Note: When using tools that accept output paths, you can use relative paths (e.g., plots/output.png) if the server is running from the project root. However, absolute paths are recommended for configuration settings.

Feature Flags

Enable/disable experimental features.

features:
  enable_remote_files: true      # Allow remote file access
  enable_caching: true           # Enable result caching
  enable_streaming: true         # Enable streaming for large files

Complete Example Configurations

Example 1: Local Analysis (Extended Mode)

# Server settings
server:
  name: "root-mcp"
  mode: "extended"

# Core configuration
core:
  cache:
    enabled: true
    file_cache_size: 50
  limits:
    max_rows_per_call: 1_000_000
    max_export_rows: 10_000_000

# Extended configuration
extended:
  histogram:
    max_bins_1d: 10_000
    max_bins_2d: 1_000
  plotting:
    figure_width: 10.0
    figure_height: 6.0
    dpi: 100
    default_format: "png"
  fitting_max_iterations: 10_000

# Data resources
resources:
  - name: "cms_data"
    uri: "file:///data/cms/2015"
    description: "CMS 2015 Data"
    allowed_patterns: ["*.root"]

# Security
security:
  allowed_roots:
    - "/data/cms"
    - "/home/user/exports"
  allowed_protocols: ["file"]

# Output
output:
  export_base_path: "/home/user/exports"
  allowed_formats: ["json", "csv", "parquet"]

Example 2: Remote Access (Core Mode)

# Lightweight setup for remote file inspection
server:
  name: "root-mcp"
  mode: "core"

core:
  cache:
    enabled: true
    file_cache_size: 20  # Lower cache for remote files
  limits:
    max_rows_per_call: 100_000  # Smaller reads for remote

resources:
  - name: "grid_data"
    uri: "root://xrootd.grid.org//store/data"
    description: "Grid Storage"
    allowed_patterns: ["*.root"]

security:
  allowed_roots:
    - "/tmp/root_mcp_cache"
  allowed_protocols: ["root", "file"]

output:
  export_base_path: "/tmp/root_mcp_cache"
  allowed_formats: ["json", "parquet"]

Example 3: High-Performance Analysis

# Optimized for large-scale analysis
server:
  name: "root-mcp"
  mode: "extended"

core:
  cache:
    enabled: true
    file_cache_size: 100  # Large cache for multi-file analysis
  limits:
    max_rows_per_call: 5_000_000  # Large reads for performance
    max_export_rows: 50_000_000

extended:
  histogram:
    max_bins_1d: 50_000  # Fine binning
    max_bins_2d: 2_000
  plotting:
    dpi: 300  # High resolution
    default_format: "pdf"

resources:
  - name: "simulation"
    uri: "file:///data/simulation/ttbar"
    description: "ttbar Simulation"
    allowed_patterns: ["*.root"]

security:
  allowed_roots:
    - "/data/simulation"
    - "/data/results"
  allowed_protocols: ["file"]

output:
  export_base_path: "/data/results"
  allowed_formats: ["parquet"]  # Only efficient format

Environment Variables

Every config.yaml field now has a matching ROOT_MCP_* environment variable.

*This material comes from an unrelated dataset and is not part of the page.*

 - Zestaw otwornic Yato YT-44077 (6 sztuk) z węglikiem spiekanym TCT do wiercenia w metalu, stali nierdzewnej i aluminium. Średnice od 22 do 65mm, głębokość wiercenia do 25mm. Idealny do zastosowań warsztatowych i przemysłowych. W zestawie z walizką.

See the Complete Env Var & CLI Reference below for the full table. A few of the most commonly used variables:

# Data directory — no config file needed
export ROOT_MCP_DATA_PATH="/path/to/your/data"

# Multiple directories (colon-separated)
export ROOT_MCP_DATA_PATH="/data/run2024:/data/simulation"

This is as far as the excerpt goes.